I placed my order for an NCE Power Cab today. I got it for $149.99 plus $7 for shipping from Modeltrainstuff.com. Not bad. Can't wait to hook it up on my test track. Thanks for this forum in my decision on this unit.
-Art


----------



## tjcruiser (Jan 10, 2010)

Staring out the window helps the postman come faster! 

(Congrats, and enjoy!!!)

TJ


----------



## flyboy2610 (Jan 20, 2010)

tjcruiser said:


> Staring out the window helps the postman come faster!
> 
> TJ


Except when you're a kid at Christmastime!


----------



## Batfink (Mar 25, 2010)

Hope you enjoy it, it has made a huge difference in running my small layout.

Peter


----------



## haphall (Feb 1, 2011)

I'll be real interested in your experience with the NCE. That's the route I'm considering.


----------



## Davidfd85 (Jul 4, 2011)

*Well made my mind up too*

Well it just happens I was looking for a DCC system at the same time so I ordered one myself along with a GP40 engine and a few cars to keep going on the first layout. 
Was tossing it around between a couple but this made my mind up pretty easy, and the price was right too.


----------



## flyboy2610 (Jan 20, 2010)

Yahoo! groups has an NCE/DCC message board. Joining is easy and free:
http://groups.yahoo.com/group/NCE-DCC/


----------



## gunrunnerjohn (Nov 10, 2010)

I find Yahoo groups very kludgy and lame, but then that's just me. It's not the people, it's the awful software that Yahoo foists upon the users.


----------



## gc53dfgc (Apr 13, 2010)

why would you need Yahoo when you have a great DCC forum section on this site?
NCE seems like the best option out of them all as far as compatability with decoders and overall features and control. I would say ESU is the best option because of the standard wireless system as it comes and completely hook upable to the PC without any add ons and the controller layout is superb. The problem is there stop system. when stop is pressed it cuts all power to the track. This will not work with Tsunami decoders for startup and shutdown sequences as it requires a two stop system unlike a QSI decoder which is a function button start and stop. I wish QSI would offer aftermarket decoders to install into HO engines or ESU adopted the two button stop or Soundtraxx adapts to a function start stop system. There is no perfect solution as of right now.

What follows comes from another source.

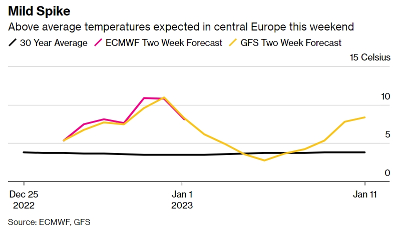 По данным Maxar Technologies Inc., при максимальной температуре 16 градусов по Цельсию (61 градус по Фаренгейту) во Франкфурте в канун Нового года будет более чем на 10 градусов выше среднего значения за 30 лет. В Хельсинки будет на 6,2 градуса выше нормы в субботу, а Марсель достигнет 17,5 градусов, так как южная Европа продолжает наслаждаться теплой зимой.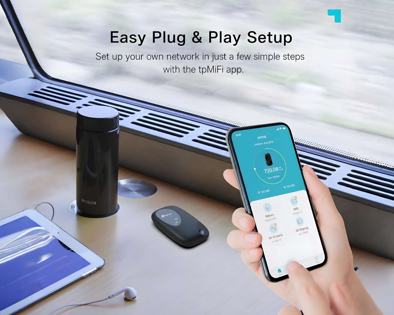 M7000 4G LTE Mobil-WiFi-Router von TP-Link, die eine schnelle und stabile Internetverbindung auf Reisen ermöglicht. Das Gerät unterstützt 4G FDD/TDD-LTE-Netzwerke und bietet eine maximale Datenübertragungsrate von 150 Mbps, was es ideal für HD-Video-Streaming und schnelle Datei-Downloads macht. Mit einem leistungsstarken Akku kann das M7000 bis zu 8 Stunden lang eine geteilte 4G-Verbindung bereitstellen.Das Design des Produkts macht es einfach zu bedienen; legen Sie einfach eine SIM-Karte ein und drücken Sie den Netzschalter, um den Hotspot innerhalb einer halben Minute zu aktivieren. Es ist mit einem LED-Display ausgestattet, um die Verbindung und den Status einfach zu überwachen. Das M7000 kann bis zu 10 Geräte gleichzeitig verbinden, was es perfekt für sowohl persönliche als auch professionelle Nutzung macht. Mit der tpMiFi-App haben die Benutzer die Möglichkeit, ihre Verbindungen zu verwalten und Datenlimits festzulegen.

Decided I would show you what ESU has to offer.
http://www.esu.eu/en/products/digitale-steuerung/ecos-50200-dcc-system/


----------



## Artieiii (Apr 25, 2011)

TJ,
Staring out the window has not helped (yet). Tracking info projects 2 more days till delivery......aarrgh. I also ordered a Digitrax HO SDH164D DCC/Sound decoder for my Bachmann Plus GS4 4-8-4 SP Daylight. If I successfully get that installed I will have DCC/sound in most of my fleet. I am looking forward to getting started on my first DCC/Sound conversion. I just hope I don't mess it up. But I really want to run my 2 MTH SP Daylight passenger cars.
-Art


----------



## tjcruiser (Jan 10, 2010)

Artieiii said:


> ... 2 more days till delivery......aarrgh.




Bummer ...


----------



## Artieiii (Apr 25, 2011)

*NCE Power Cab has arrived*

An early xmas present came in the mail today. My NCE Power Cab and a Digitrax SDH164D wired decoder with Sound. Can't wait to get home from work to check it out! Now I can finally see what my 2 Lionel HO Veranda's and the rest of my fleet can do with DCC.
-Art


----------



## Artieiii (Apr 25, 2011)

Power Cab is up and running on my 4x8 test track. It only took a few minutes to set it up. Did a test run with 2 engines all is good 
-Art


----------



## Batfink (Mar 25, 2010)

Good to hear, have you tried out the momentum function, makes it so easy, I ussually set mine around 4 or 5.


----------



## Artieiii (Apr 25, 2011)

Batfink said:


> Good to hear, have you tried out the momentum function, makes it so easy, I ussually set mine around 4 or 5.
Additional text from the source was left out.